Biography
Like the artists whom he admires, Ad Reinhardt, Mark Rothko and Agnes Martin, Byron Kim works in an area one might call the abstract sublime. His work sits at the threshold between abstraction and representation, between conceptualism and pure painting. In his richly hued, minimalist works, Kim seeks to push the edges of what we understand as abstract painting by using the medium to develop an idea that typically gets worked out over the course of an ongoing series. His paintings often appear to be pure abstractions, but upon investigation and contemplation, they reveal a charged space that connects to the artist’s personal experiences and whose underlying ideas raise questions about issues from politics to environmentalism to cultural identity. Interviewed in his sunny Brooklyn studio, Kim quips, “I’m a painter until 2:00 in the afternoon when the daylight in my studio is so blinding that I become a conceptual artist.”

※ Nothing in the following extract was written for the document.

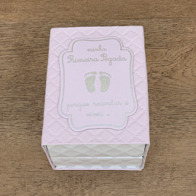 Caixa Primeira Pegada Matelassê Rosa Bebê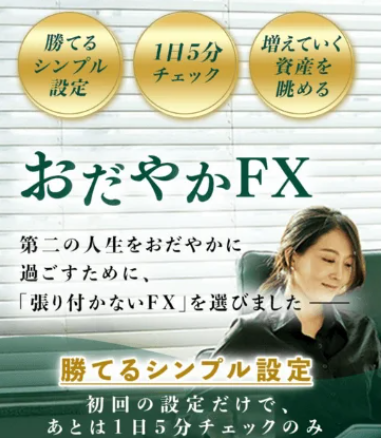 おだやかFXは、スマートフォン一台あれば「おだやかに、かつ着実に資産を増やせる」と主張するFX(外国為替証拠金取引)の自動売買システム(EA)を主軸とした副業案件です。

Synecdoche, Kim’s signature work, started in 1991 and exhibited in the Whitney Biennial in 1993, is in the permanent collection of the National Gallery in Washington, DC. This ongoing series consists of a grid of hundreds of small panels that each match to the color of a speci c person’s skin. It is both a portrait of people in the artist’s life and an exploration of race and community. Kim’s mid-career survey, Threshold traveled widely from the Berkeley Art Museum, CA to the Samsung Museum of Modern Art in Seoul and on to five other locations in the United States (2006/7). He was included in the landmark exhibition “Color Chart: Reinventing Color, 1950 to Today,” at the Museum of Modern Art, NY and Tate Liverpool, UK (2008/9). Kim's work from his Sunday Paintings series was on view at the Brooklyn Museum in the exhibition Unfolding Tales: Selections from the Contemporary Collection.
Byron Kim, born in 1961, is a Senior Critic at Yale University. He received a BA from Yale University in 1983 and attended Skowhegan School of Painting and Sculpture in 1986. He has received numerous awards including the Alpert Award, UCROSS and Joan Mitchell Foundation Grant and is a recipient of Guggenheim Fellowship in 2017.